EXERCISE DIRECTIONS
Starting at the first line of the data and ending at the line with "Fig.4. NMS diagram", copy each line exactly. Include both of those lines, but no pictures.

DATA
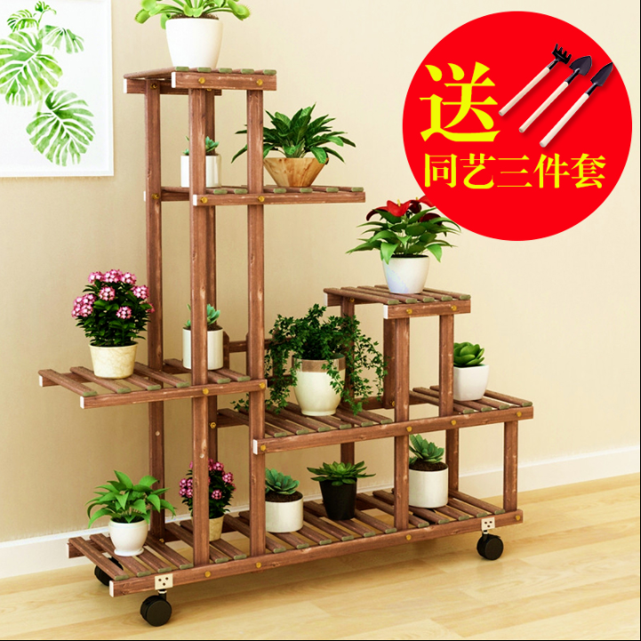Flower shelf solid wood living room balcony rack multi-layer space-saving plant special indoor floor flower pot flower shelf
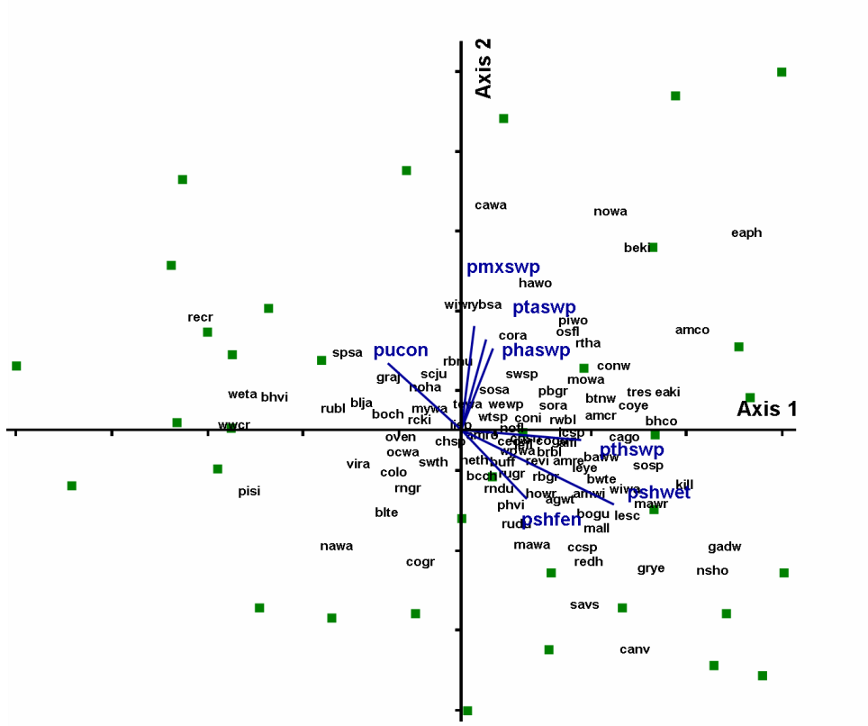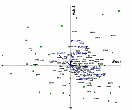 Fig.4. NMS diagram for species composition of blocks selected to represent a gradient of industrial landscape disturbance. NMS permits resizing of symbols to reflect a continuous scale of disturbance. There was no pattern for any individual disturbance, nor for all industrial disturbances combined. Bird species are identified using four letter American Ornithological Union Codes. Species codes, common names and scientific names of bird species are included in Table 1. Based on overlays of habitat variables birds appear to be responding to landscape availability of tree- and shrub-dominated wetland types.bbreviations for environmental variables are described in Table 2. Click graphic to see larger version. |
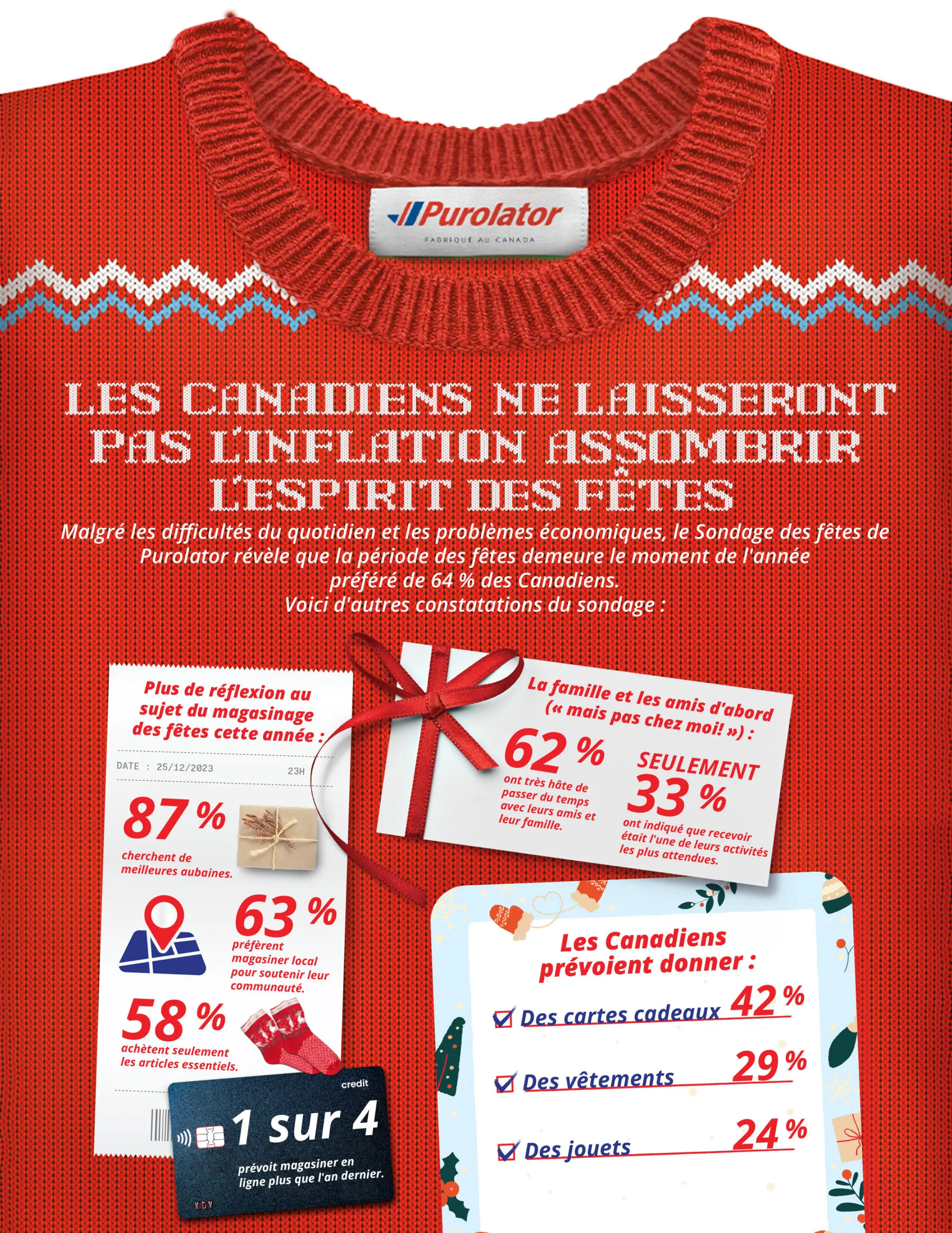 Dans le cadre de notre dernier sondage mené en partenariat avec Leger, nous avons interrogé plus de 3 000 personnes du Canada et des États-Unis afin de connaître leurs attentes et leur état psychologique en cette période des fêtes. Des facteurs de stress aux budgets en passant par les expériences de magasinage et les attentes, les gens du Canada et des États-Unis voient les choses de la même façon durant la période des fêtes : ils veulent réduire leur budget, magasiner localement, magasiner en ligne et réduire le stress lié aux expériences de magasinage pour les fêtes.

SOLUTION TO THE EXERCISE
Flower shelf solid wood living room balcony rack multi-layer space-saving plant special indoor floor flower pot flower shelf
 Fig.4. NMS diagram for species composition of blocks selected to represent a gradient of industrial landscape disturbance. NMS permits resizing of symbols to reflect a continuous scale of disturbance. There was no pattern for any individual disturbance, nor for all industrial disturbances combined. Bird species are identified using four letter American Ornithological Union Codes. Species codes, common names and scientific names of bird species are included in Table 1. Based on overlays of habitat variables birds appear to be responding to landscape availability of tree- and shrub-dominated wetland types.bbreviations for environmental variables are described in Table 2. Click graphic to see larger version. |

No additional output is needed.